Convince them otherwise

Question:

Self harm is such a scary thing and I want to be able to help people dealing with it out by talking to them and convincing them otherwise, but I don’t want to sound insensitive which would make them feel worse. I don’t ever want to end up in the situation where a close friend would come looking for help from me for this stuff and I would be their last “life line” when I don’t even know what to say. Of course I could try to refer them to you guys, but if I’m not able to do that, as of now I’d be screwed and my friend may or may not end up more depressed than where we started and I just think that this is something that should be taught to us instead of the Male Reproductive system or something as equally irrelevant in life as that is. This has been bothering me and I want to know what to do in case this situation ever comes up as I make my way through high school and college.

Letter submitted by:

Answer:

Dear Gwen,

First of all I want to thank you for your letter.  I think you are right to be concerned about issues like this as they do seem to happen more often nowadays.  I think it is great that you are being proactive in to learn how to help if the situation ever arises.

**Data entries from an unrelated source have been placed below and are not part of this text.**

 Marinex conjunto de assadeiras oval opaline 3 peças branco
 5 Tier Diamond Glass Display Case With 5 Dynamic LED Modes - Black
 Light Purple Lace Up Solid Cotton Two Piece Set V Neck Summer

If you are faced with a situation where a friend or family member is self-harming or cutting there are a couple things you can do.  The first would be to suggest professional help like a private counselor, a psychiatrist, or a support group.  Let them know that you understand it can be difficult to stop cutting and a professional can help by providing them a safe environment in which they can share their feelings and talk about why they feel the need to cut.   If they don’t feel comfortable going to a professional you can try reminding them of the dangers of self-harming. It can lead to permanent scarring, infections and in some extreme cases it can lead to death, if a vein or artery is accidently cut.  Another thing you can try is to help them find alternative activities for their cutting.  You can suggest that whenever they feel the urge to cut, they do those alternative behaviors, such as hitting a pillow, taking a walk, go for a run, writing in a journal, etc.

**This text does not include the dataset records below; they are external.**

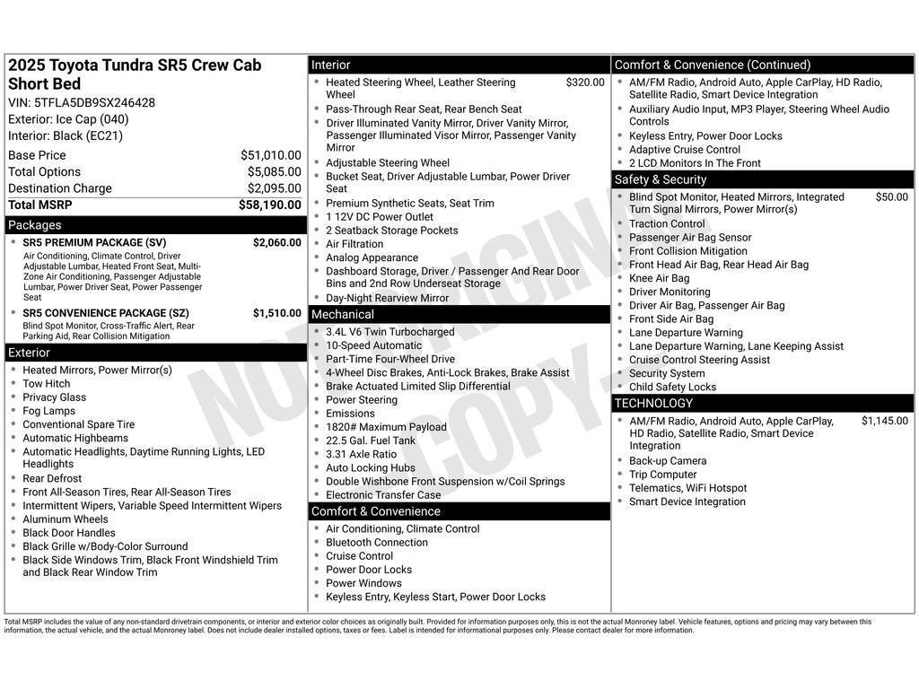 SR5 Convenience Package: 122L Fuel Tank; Blind Spot Monitor with Lane Change Assist; Parking Support Alert/brake SR5 Premium Package: Automatic Power Tailgate with Easy Closing; SofTex Seat Trim; 8-Way Power-Adjustable Heated Front Seats Premium Audio Heated Leather Steering Wheel Heated Power Black Outside Mirrors **Equipment listed is based on original vehicle build and subject to change. Please confirm the accuracy of the included equipment by calling the dealer prior to purchase.**
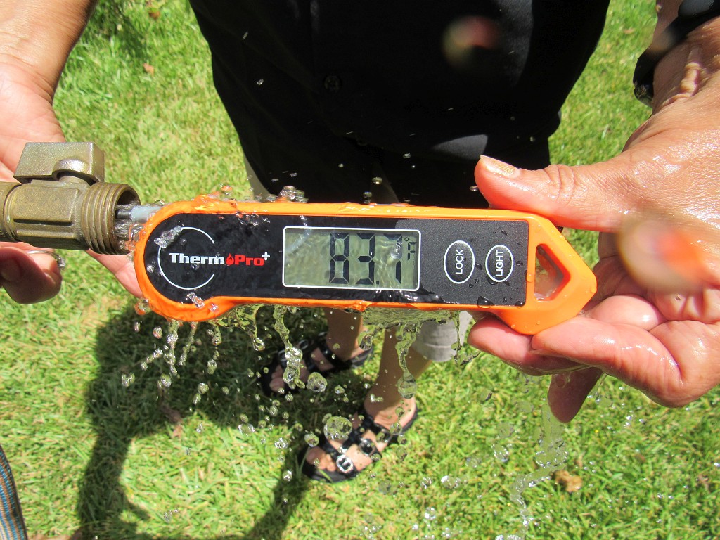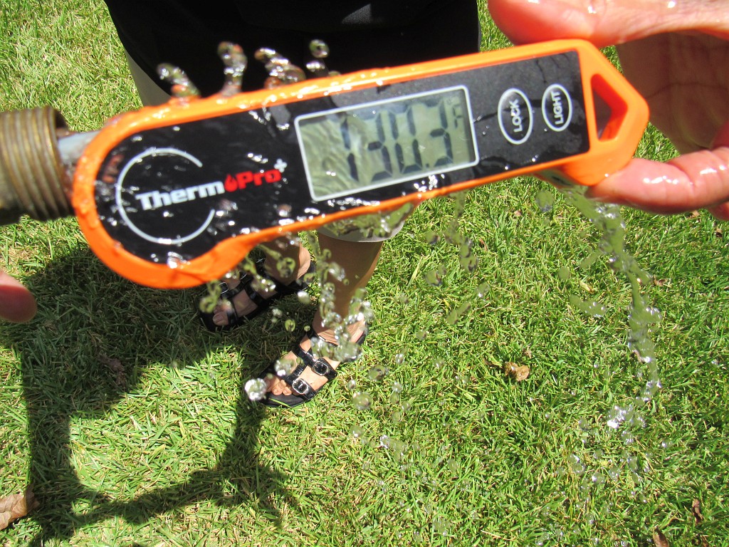 UC#4-SU and Sally T. Intern explore the noon temperature of water coming out of the garden house in CenTex. Today’s high projected to be 101°. [ed. note: we’re not using centigrade here, because we’ve been informed that the metric system is a gateway to socialism.]
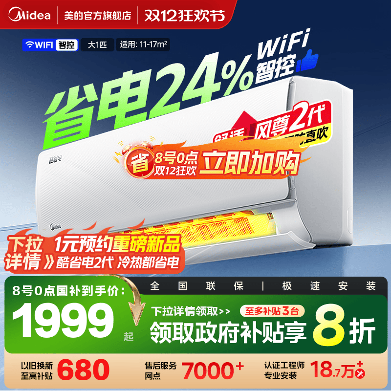 Midea美的酷省电系列N8KS1-1壁挂式空调新一级能效品质之选现正火热促销中这款空调搭载先进节能技术配合高能效等级大幅降低耗电量让您夏日享受清凉的同时轻松节省电费现在通过天猫商城购买还可享国家补贴立减499.8元原价2099.2元现最终到手价仅需1999.2元性价比出众性能优越静音设计智能控温快速制冷热无论是卧室还是客厅都能带来舒适体验数量有限喜欢的朋友抓紧入手别错过这次超值优惠机会

If you would like to obtain more information on how to help those who are cutting, there are several places where you can find help and information or you can refer the person too.  1-800-DON’T-CUT is a hotline that will refer a therapist in your area.  www.safe-alternatives.com and www.helpguide.org/mental/self_injury.htm are websites where you can find more suggestions for alternative behaviors to cutting.  Also you can always refer the person to 1-866-4-U-TREVOR or Ask Trevor or Trevor `Chat as well.